• **TASK STATEMENT**
Your copy of the data should match it exactly, except that the pictures are gone.

• **INFORMATION SHOWN**
┌──

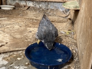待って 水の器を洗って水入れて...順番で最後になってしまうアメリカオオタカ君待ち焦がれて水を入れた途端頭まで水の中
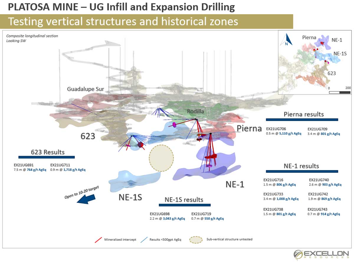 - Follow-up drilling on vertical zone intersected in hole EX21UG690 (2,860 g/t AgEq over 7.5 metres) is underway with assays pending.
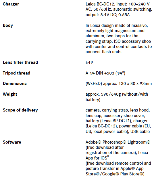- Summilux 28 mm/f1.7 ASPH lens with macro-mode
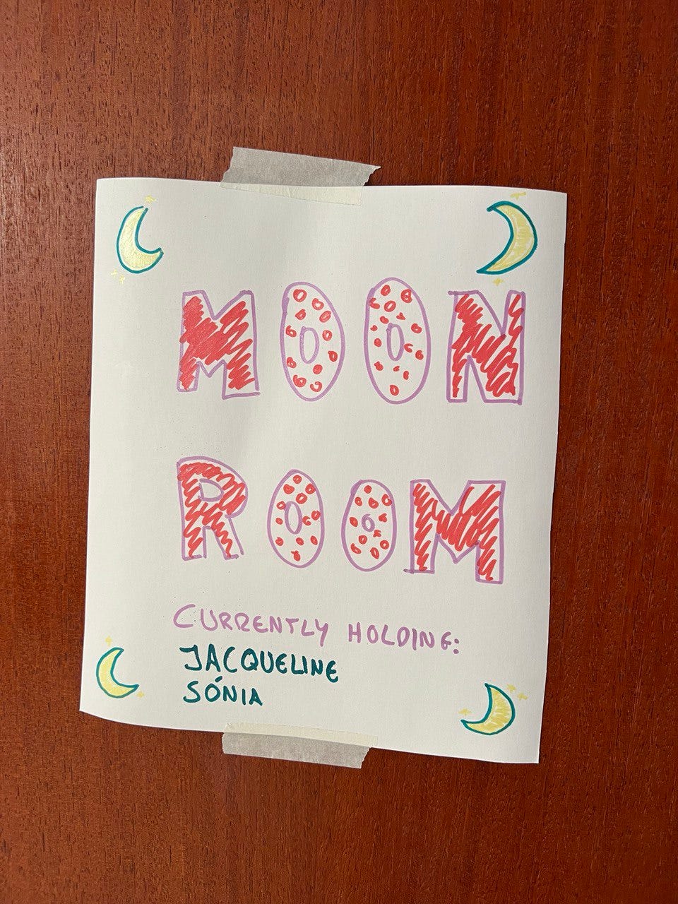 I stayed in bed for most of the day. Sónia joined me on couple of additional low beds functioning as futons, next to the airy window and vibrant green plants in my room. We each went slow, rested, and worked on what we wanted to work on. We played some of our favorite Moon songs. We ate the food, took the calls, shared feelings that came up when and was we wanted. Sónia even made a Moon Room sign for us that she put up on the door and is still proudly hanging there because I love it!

└──

• **RESULT**
待って 水の器を洗って水入れて...順番で最後になってしまうアメリカオオタカ君待ち焦がれて水を入れた途端頭まで水の中
 - Follow-up drilling on vertical zone intersected in hole EX21UG690 (2,860 g/t AgEq over 7.5 metres) is underway with assays pending.
- Summilux 28 mm/f1.7 ASPH lens with macro-mode
 I stayed in bed for most of the day. Sónia joined me on couple of additional low beds functioning as futons, next to the airy window and vibrant green plants in my room. We each went slow, rested, and worked on what we wanted to work on. We played some of our favorite Moon songs. We ate the food, took the calls, shared feelings that came up when and was we wanted. Sónia even made a Moon Room sign for us that she put up on the door and is still proudly hanging there because I love it!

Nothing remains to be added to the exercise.